The records START

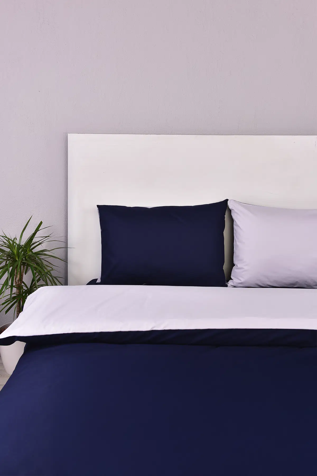 Ürün Adı: Çift Taraflı Çift Kişilik Nevresim Takımı Lacivert Gri %100 Pamuk
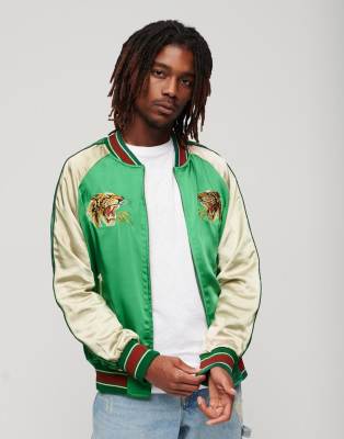 Superdry Sukajan embroidered bomber jacket in bowling green
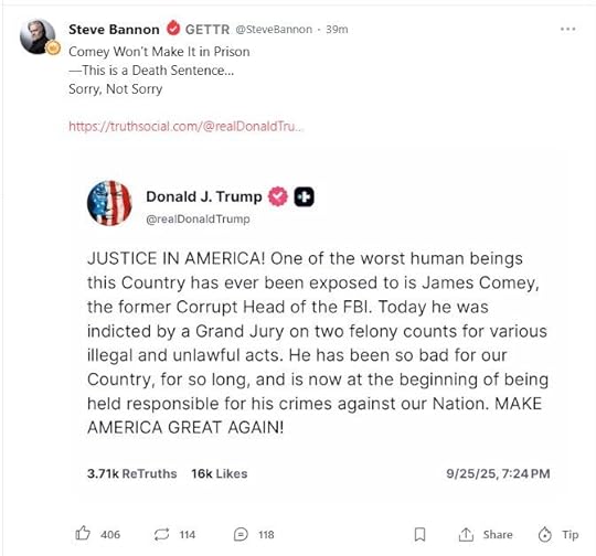To his credit, James Comey refrained from posting another death threat to President Trump following his arrest.
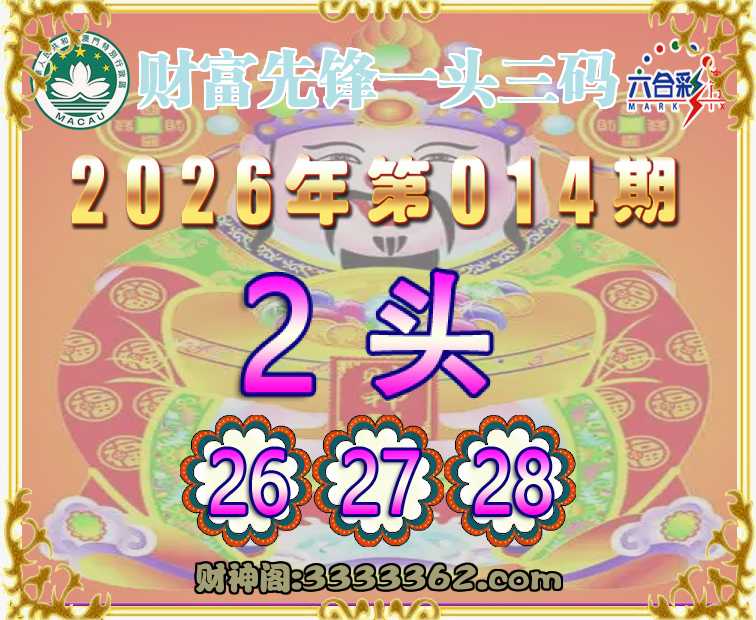 014期:『财富先锋』 🚡一头三码🚡【2头主:26.27.28】开:龙26
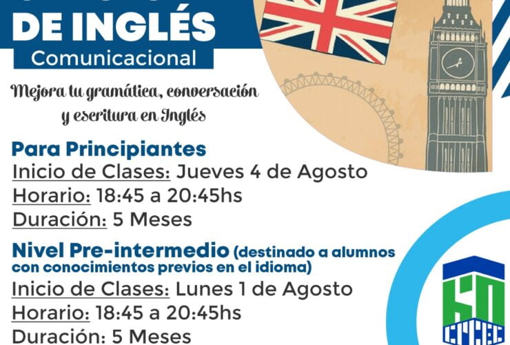 Estimados Colegas: Les contamos que hoy Lunes 08/08 iniciaremos una nueva capacitación del curso de inglés comunicacional. Este ciclo será exclusivamente virtual, por plataforma ZoomLas clases se dictarán todos los Lunes, en el horario de 19 a 21 hs. Tienen una duración de 5 meses. ...
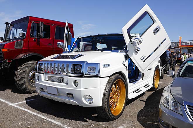 アストロやナビゲーターなど、過去に様々なアメ車に乗ってきた西片さん。現在の愛車H2は、出張で愛知に行った際にアズールモータリングで「お土産」として購入したもの(笑)。ゴールドのジオバンナ28インチホイールは、普段乗りでも愛用している。

The records END

**Try it:**
Would you give the data above again word for word, minus the pictures?

**Result of the exercise:**
 Ürün Adı: Çift Taraflı Çift Kişilik Nevresim Takımı Lacivert Gri %100 Pamuk
 Superdry Sukajan embroidered bomber jacket in bowling green
To his credit, James Comey refrained from posting another death threat to President Trump following his arrest.
 014期:『财富先锋』 🚡一头三码🚡【2头主:26.27.28】开:龙26
 Estimados Colegas: Les contamos que hoy Lunes 08/08 iniciaremos una nueva capacitación del curso de inglés comunicacional. Este ciclo será exclusivamente virtual, por plataforma ZoomLas clases se dictarán todos los Lunes, en el horario de 19 a 21 hs. Tienen una duración de 5 meses. ...
 アストロやナビゲーターなど、過去に様々なアメ車に乗ってきた西片さん。現在の愛車H2は、出張で愛知に行った際にアズールモータリングで「お土産」として購入したもの(笑)。ゴールドのジオバンナ28インチホイールは、普段乗りでも愛用している。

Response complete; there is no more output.